Basically, by ten, there’s only one or two people working that department, one of the two being from the overnight shift, who is in more than one area till 7 AM in the morning, while the other one is a left over from the day shift, working till about 10:30 or 11 or midnight. So both are usually tidying up and setting out the new merchandise for tomorrow, or going over to say, hardware or fabrics, to help customers that need their help as well, and won’t be a guarantee to help the customer check out.
I speak, of course, on past experience.
Ethan, Ethan, Ethan… if ever in life there is a time to play the “I only have one item” card to get to the head of a queue it’s when you also have the “my best friend is in labour” waiting in your hand.
Countered by the ‘yeah right you liar’ and ‘of all the immoral things to lie about’ combo, which is a killer.
Is that what life is like in the US? Wow.
The Wal-Mart in my area no longer has self checkouts. They caused a lot of trouble due to customers either taking advantage of the lack of supervision, or an inability to learn the skill set needed to scan and bag items – that is, that you HAVE to bag the item properly and wait for the computer to catch up. I once watched as a woman scanned a jacket, hung it back on her cart, and slid 4 other items over the scanner while it was stuck at the “please bag your item” prompt. When she saw what was going on finally, she hit the “skip bag” button… then hit finish and paid. For the ONE ITEM.
Besides that, this particular store is the busiest Wal-Mart in the area. And it almost never has more than 5 checkouts open. It’s not uncommon to have to wait behind (no joke) 30 people before being able to pay and leave. The head manager refuses to hire more cashiers either, because paying more people would mean less of a monthly bonus for himself. The other managers are quite often run ragged.
It’s kinda like K-Mart, except the one near me has NO fast lanes and they only ever have one or two lanes open full of old folks with twenty coupons they have to fish for. Hence the reason I so rarely look for toys there. I mean, they MIGHT have what I want…but then I actually have to go through the process of buying it.
But seriously, in Ethan’s case: There are so very few toys that I have not seen a second time. That’s a big step toward recovering from this folley – you WILL see it again, most likely. There are so many figures that I just had to have that moment and I just KNEW I wouldn’t find it again…only to see it months later in a clearance rack. Set it down and be patient.
There’s also hiding it but…well come on, who doesn’t know that tactic? I’ve found a good swath of hidden figures; sometimes it’s the only way to find the sought-after ones.

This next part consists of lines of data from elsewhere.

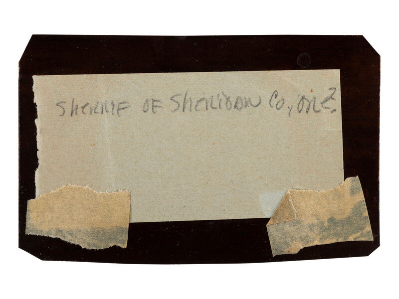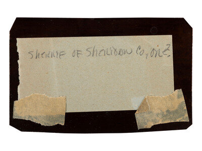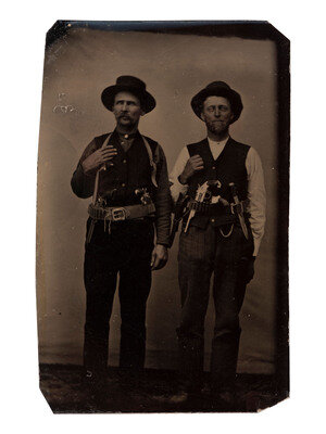 3 5/8 x 2 1/4 in. tintype of two well-armed men standing before a simple studio backdrop. The subject at right has multiple weapons tucked in his belt, most notably a Merwin, Hulbert, and Co. open-top Pocket Army revolver with a long barrel, which is very rare to see in photographs of the period. A Smith and Wesson new-model revolver and knife are also tucked in his belt. The subject at left appears to be triple armed, with a Colt Navy Model 1851 percussion revolver and double-action revolver tucked in his belt as well as a spur-trigger revolver tucked in his suspender. A paper label with modern inscription affixed to verso suggests that one of the subjects was a sheriff of Sheridan Co., Oregon, although this cannot be confirmed.
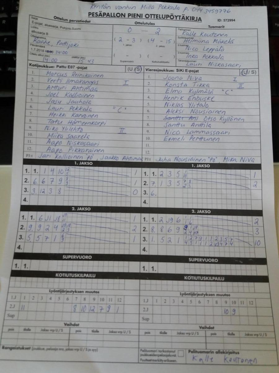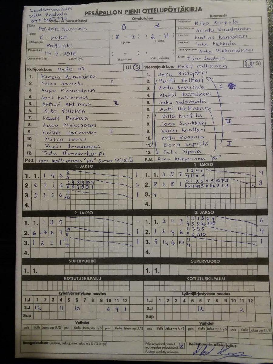 | 6. | Pattu E07 -pojat | 6 | 1 | 2 | 0 | 0 | 1 | 0 | 2 | 92 - 81 | 7 |
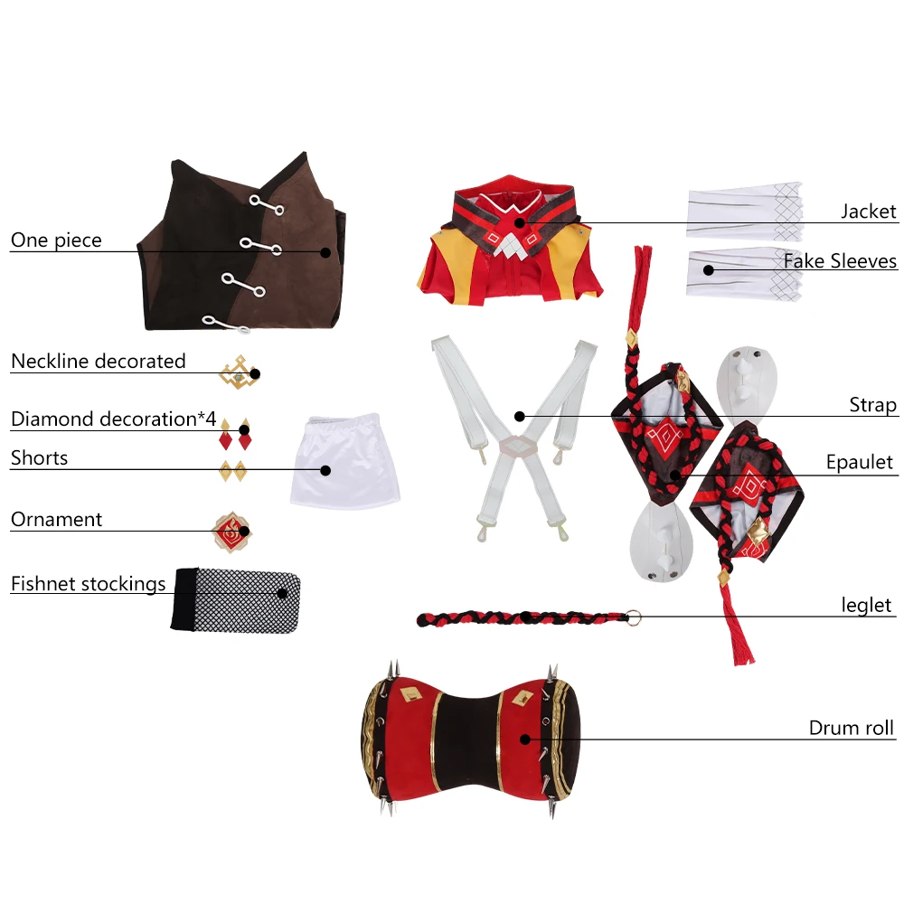 Посылка включает в себя полный комплект: Один предмет, куртка, шорты, Поддельные рукава, эполет, легинсы, украшенные вырезом, украшенные стразами * 4, чулки * 2, орнамент
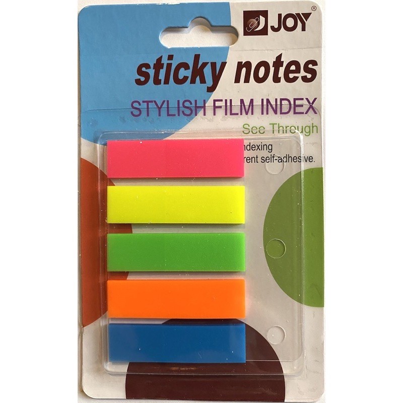 Joy Sticky Notes Stylish Film Index See Through 125 Sheets 5 Assorted Neon Colors School Supplies
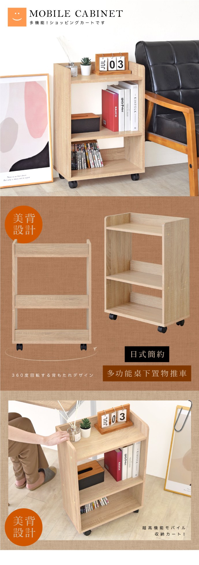 IRIS開放式收納推車/SYR-7520/原木色
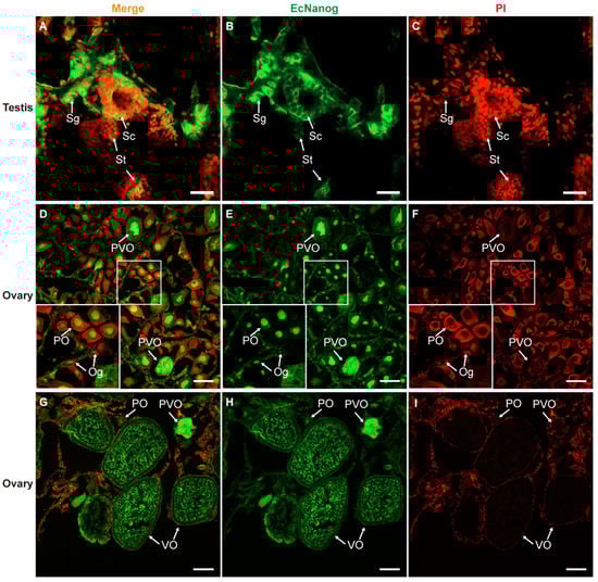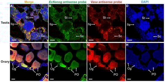 Likewise, EcNanog signal had an identical localization with Vasa signal in male and female germ cells (Figure 8). In testis, the EcNanog and Vasa signals were detected in different spermatogenic cells (Figure 8B,C). The fluorescent signals of EcNanog and Vasa were distributed in the whole cytoplasm of female germ cells (Figure 8F,G). In ovary, the small oval cells, possibly oogonia or oogonial stem cells, showed the EcNanog and Vasa-positive signals at the same time (Figure 8E–G).
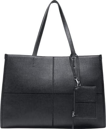 Multidirectional stitching highlights the structured profile of a voluminous leather shopper bag featuring a roomy interior and optional zip pouch for easy organization.
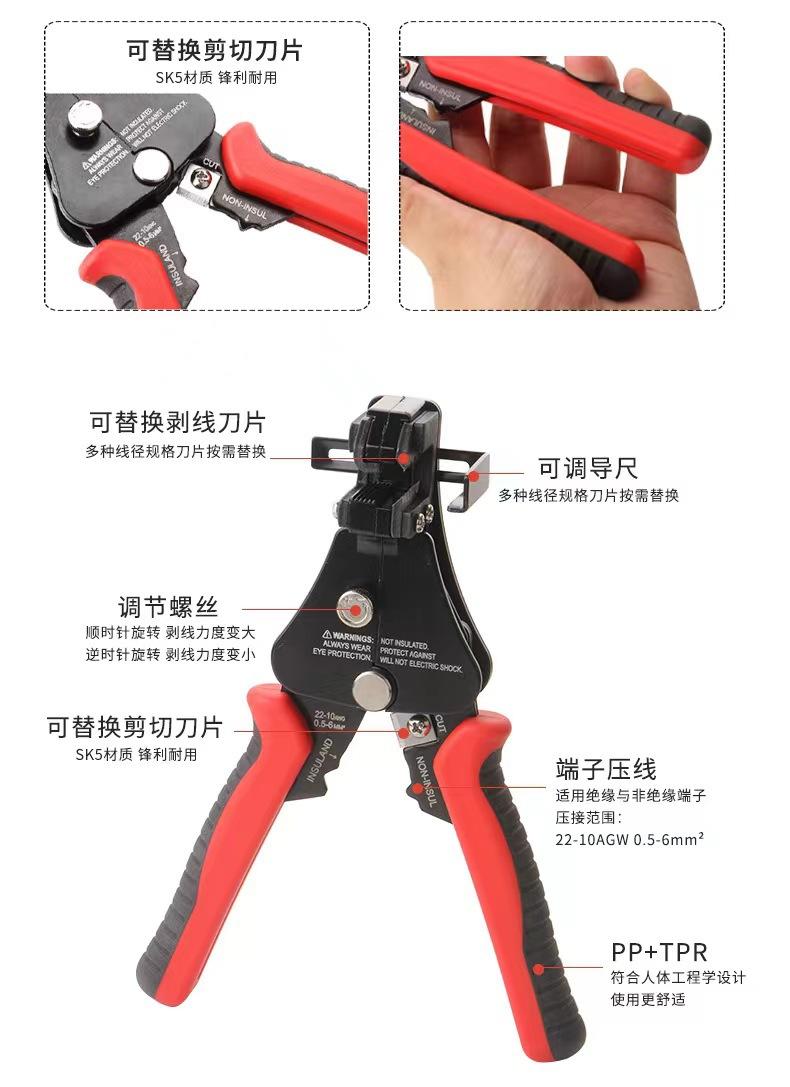 Six-in-one multifunctional wire stripper. 6/box 48/piece, 0.36kg
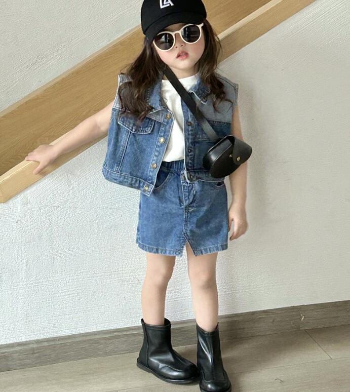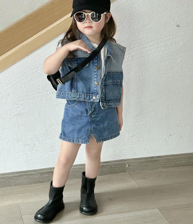 2023新品★子供服 デニムスカート&ベストコート分けて販売★80-130cm★
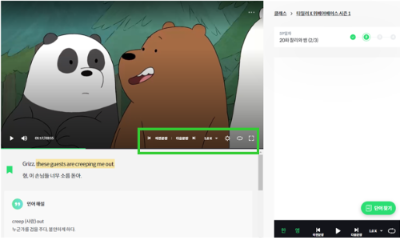 모르는 단어는 옆에 사전을 이용하여 바로 검색 가능해요.2. 콘텐츠 학습
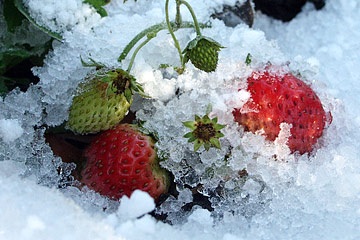 Jeg glemte lige at høste jordbærene. Men de smager nu heller ikke af meget i oktober. Så dette syn, der symboliserer mødet mellem sommer- og vinterhalvår er det værd. Foto: Karna Maj

Is it weird that whenever I see Ethan and Leslie I think it just adds to the “bromance” aspect of their relationship. Leslie is the snark to Ethan’s straight-man. (And please, no terrible jokes.)
I can ship to this.
Well, if we can ship 2 striaght characters into a homosexual relationship, why can’t we ship 2 gay characters into a hetrosexual relationship. Equality! XD
Ethan think about it is Alfred really worth it?
Alfred is worth everything. Without Alfred there would be no Batman.
What store closes a register on someone who was already in line for it?
Why doesn’t Ethan just stash Alfred in another section and go back and pick it up later. C’mon dude, it’s Wal-Mart they won’t notice!
Just go to Electronics, Ethan. There’s always someone over there, and that’s usually where the people with two or less items check out anyway.
poor ethan he is just about out of the place with alfred so he can be there for amber popping out her little bundle only to be stopped hope he manage to still make it to the birth. or will not hear the end of it from amber
Why do I see Ethan ending up stealing it and getting arrested?
Just give up. Friends are more important. Go for the toy, and you will find out the hard way. Guaranteed: Murphy’s Law!